Keywords: Phenylpropanoid pathway, Secondary metabolism, Lignin, Flavonoids, Anthocyanins, Plant enzymes, Structure

1. Introduction

Around 450 million years ago, pioneering plant species spread out from the periphery of their watery environments to occupy a challenging new environmental niche: dry land. This important transformation was accompanied by several physiological adaptations, including the evolutionary emergence of entirely new specialized metabolic pathways [66]. Many of the resulting compounds were derived from phenyl-alanine via the general phenylpropanoid pathway, so named because of the C6 + C3 scaffold resulting from the pathway’s initial deamination of the primary metabolite phenylalanine.
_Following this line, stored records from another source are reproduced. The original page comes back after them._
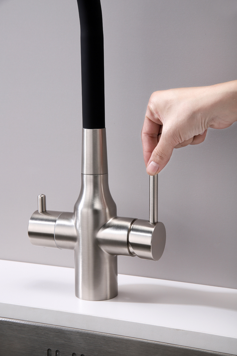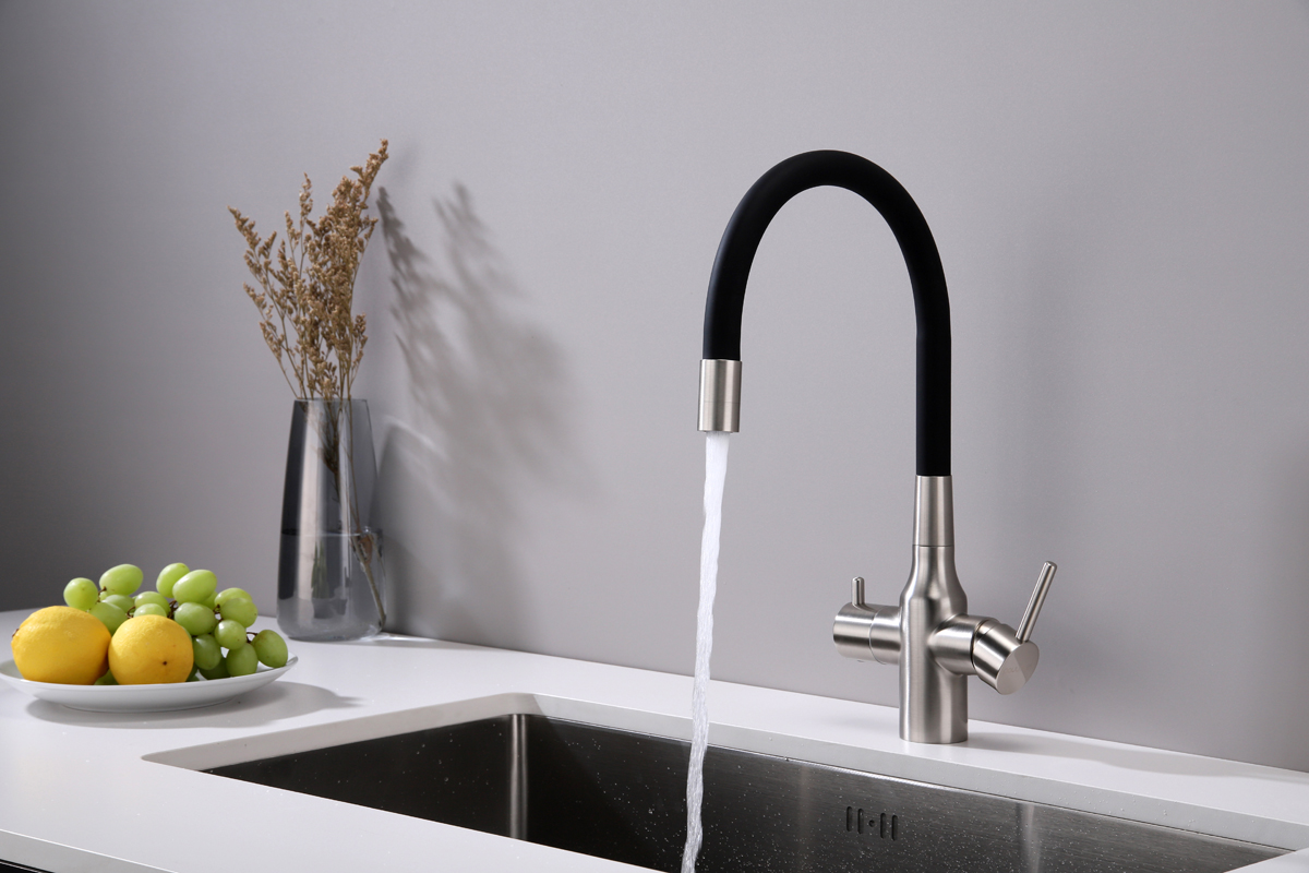 Смеситель для кухни SALIX c возможностью подключения системы фильтрации питьевой воды изготовлен из высококачественной латуни, которая отвечает высочайшим европейским стандартам качества, не содержит свинца, не разрушается со временем и безопасна для здоровья.
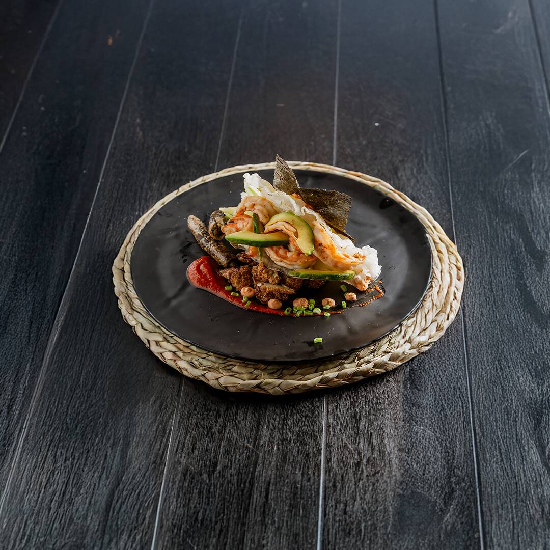 Tortilla frita de arroz y nori, rellena de arroz gohan, camarones, cremoso de sriracha, pepino, apio y aguacate. Acompañado de salsa sriracha de la casa y chiles chamuscados.
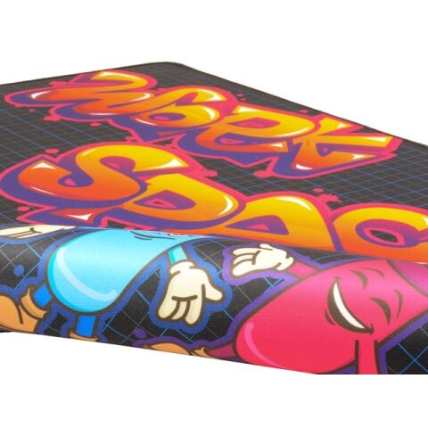 「WORK SPACE」は、グラフィティ調の文字とキュートなイラストが印象的で、ポップな作業空間を演出。 表面には軽量で取り扱いやすいポリエステル素材を使用し、耐久性と清掃のしやすさを兼ね備えています。 裏面にはラバー素材を採用し、滑り止め効果で安定した作業環境を確保。 W600 × H400mmの適度なサイズ感で、机の上や作業台で快適に使える設計です。
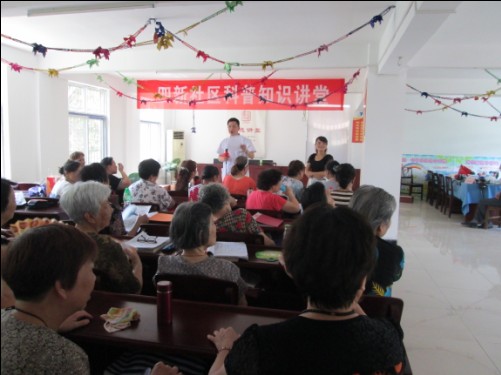 针对近来天气持续高温难耐,为了帮助老年人顺利度夏,提升他们的健康意识和自我保健能力, 2013年6月17日,韩家墩街四新社区科协邀请街卫生服务中心的医生徐飞社区独居、空巢老人讲述了高温天气下的医疗保健科普知识
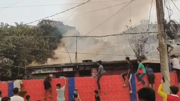 নারায়ণগঞ্জ প্রতিনিধি || নারায়ণগঞ্জের সোনারগাঁয়ে আগুনে ১৫টি দোকান পুড়ে গেছে। সোমবার (২২ ডিসেম্বর) বিকেলে উপজেলার মোগরাপাড়া চৌরাস্তা হাবিবপুর ঈদগাহ এলাকায় ঘটনাটি ঘটে। পরে ফায়ার সার্ভিসের দুটি দল প্রায় এক ঘণ্টার
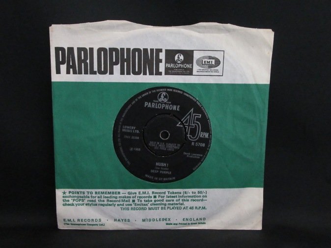 英国 Parlophone オリジナル盤です。7インチシングル盤。盤Vg++のコンディションです。カンパニースリーブ付き。収録曲は「Hush」、「One More Rainy Day」です。大変レアなオリジナルシングルです。SOLD IN UKレーベル表示、マトリックス両面1のファーストプレス。プッシュアウトセンター。盤面スレありますが、針飛び無くまともな音で再生できます。マトリックスは 21157-1/21158-1 です。Euclid_vinyl◆ 検索用:DEEP PURPLE、"DEEP PURPLE"、DEEP、PURPLE、Hush、Parlophone

A variety of downstream derivatives of this initial phenylpropanoid scaffold, ubiquitous in modern plants, now serve vital developmental roles in plant structural integrity, UV photoprotection, reproduction and internal regulation of plant cell physiology and signaling. Phenylpropanoids also serve as key chemical modulators of plant communication with insects and microbes, playing contrasting attractive and repellent roles in defensive phytoalexin responses to infection and herbivory, attraction of insect pollinators via flower color, and induction of root nodulation by symbiotic nitrogen-fixing rhizobial colonies.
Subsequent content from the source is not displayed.